____ INFORMATION SUPPLIED

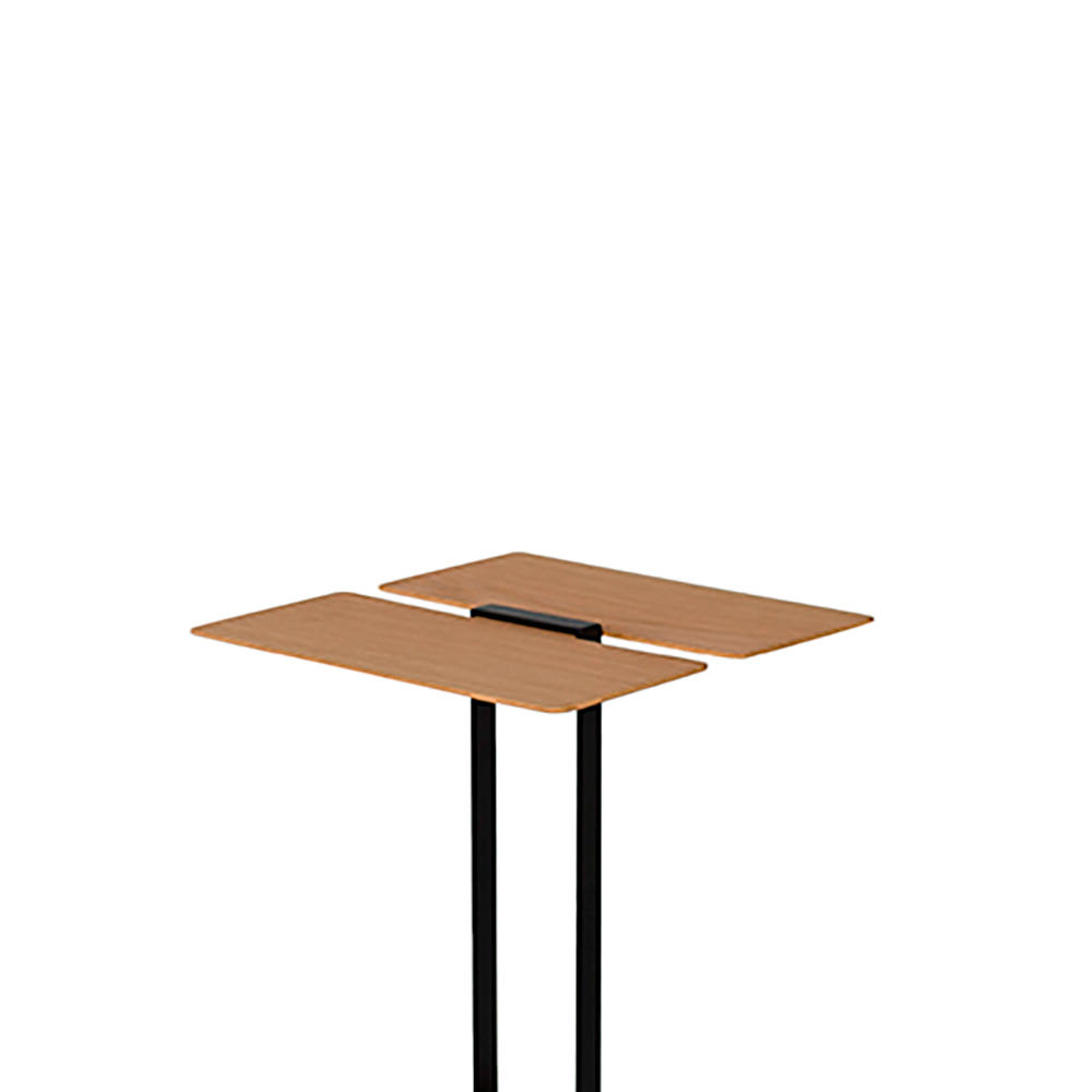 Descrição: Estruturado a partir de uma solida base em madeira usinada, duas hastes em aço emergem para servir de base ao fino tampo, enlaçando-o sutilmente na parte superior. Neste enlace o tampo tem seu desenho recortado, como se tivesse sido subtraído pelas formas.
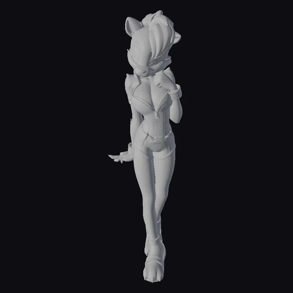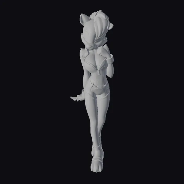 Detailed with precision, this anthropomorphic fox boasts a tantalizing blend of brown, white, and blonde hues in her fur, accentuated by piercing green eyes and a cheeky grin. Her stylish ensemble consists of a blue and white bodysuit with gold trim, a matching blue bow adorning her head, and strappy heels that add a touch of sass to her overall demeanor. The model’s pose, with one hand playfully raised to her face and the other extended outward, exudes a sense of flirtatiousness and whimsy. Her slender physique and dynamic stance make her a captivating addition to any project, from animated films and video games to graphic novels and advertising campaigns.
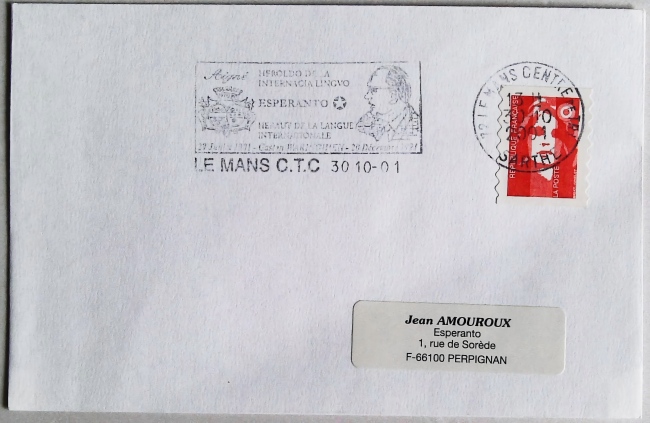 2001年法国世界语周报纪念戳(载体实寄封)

________

## WORK TASK
Pictures in the listing above must be skipped; everything else should be copied exactly.

## SOLUTION TO THIS TASK
 Descrição: Estruturado a partir de uma solida base em madeira usinada, duas hastes em aço emergem para servir de base ao fino tampo, enlaçando-o sutilmente na parte superior. Neste enlace o tampo tem seu desenho recortado, como se tivesse sido subtraído pelas formas.
 Detailed with precision, this anthropomorphic fox boasts a tantalizing blend of brown, white, and blonde hues in her fur, accentuated by piercing green eyes and a cheeky grin. Her stylish ensemble consists of a blue and white bodysuit with gold trim, a matching blue bow adorning her head, and strappy heels that add a touch of sass to her overall demeanor. The model’s pose, with one hand playfully raised to her face and the other extended outward, exudes a sense of flirtatiousness and whimsy. Her slender physique and dynamic stance make her a captivating addition to any project, from animated films and video games to graphic novels and advertising campaigns.
 2001年法国世界语周报纪念戳(载体实寄封)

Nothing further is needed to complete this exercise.